Alex came to again. Things felt easier this time. He could remember most of what had happened. That was a good sign, right?

His legs were stretched out, and he could feel carpet beneath him. Alex opened his eyes to see he was laid out on the ground, with his back against the wall to prop him in a sitting position. His damaged leg had been wrapped up in brown parcel tape, and two of the legs from the chair he’d been sitting on were used as splints, just about visible through the layers of tape.

‘I did a day’s first aid training at school,’ Milo said. ‘So you’re welcome.’

‘And I’ve seen every episode of
ER
and most of
Grey’s Anatomy
.’ Kara was kneeling down next to Alex. ‘So I was able to supervise.’

Alex realised he couldn’t feel the taped-up leg at all. And his other leg was distant; he could feel it only through a wall of ice. His hands were bound behind his back, but he could flex them, so he focused on that.

‘You’ve lost a
lot
of blood,’ Kara said. ‘I’ll need to change the carpet.’

Alex tried to speak, but his mouth wouldn’t move at all. ‘Wuck wou.’

‘That’s sweet.’ Kara leaned in and kissed his forehead. She waved something in front on him. It was the burner Fergus had given him. ‘Someone keeps trying to call you,’ she said. ‘Maybe the person you were planning to share the money with?’

‘You remember what Darth Vader looked like without the makeup on?’ Milo said. He was holding a knife. ‘Well, you’ll see it in the mirror soon if you don’t start talking.’

Kara leaned in close to Milo. ‘Enough with the geek shit.’

Alex tried to turn to Kara. His movement was limited, and all he could do was turn his head. It sent pain shooting across his neck. ‘Wou won web away wib wis.’

‘I think we already have.

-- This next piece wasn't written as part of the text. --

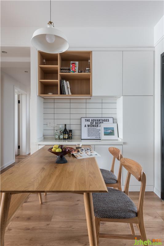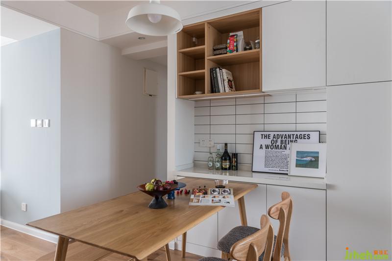 1、避开入户无玄关收纳的尴尬,一面墙柜作为收纳,餐厅则实现西厨+用餐区的组合;

I should thank you.’ Kara sounded different, now. Colder. ‘You trained me for this. All those friends we fucked over on the way up, cutting off my family when they didn’t like you? And you never thanked me for it. Not once. We moved up here and it was all about you. Never looked at what I was leaving behind, did you? I could be running Chelsea or Spurs by now. This is
my
money. I
earned
it.’ She took a step back from crazy into unhinged. ‘And none of this matters. It doesn’t matter what I do to you. It’s not really violence, is it? You’re not really here; you’re in a morgue somewhere.’

Milo got down on his knees and pressed the knife to Alex’s throat. ‘If I remember right, we each have eight pints, and losing more than four will kill you.’ He looked back at the carpet where Alex had been before. It looked like a swamp, with a dark stain and congealed dark goo sitting on the surface. ‘I’m not Doctor McCoy or anything, so I don’t know, pal, but I think there’s more than four over there. You need the hospital, and probably in the next few minutes. So, do you want to live, or do you want to be a dead rich man?’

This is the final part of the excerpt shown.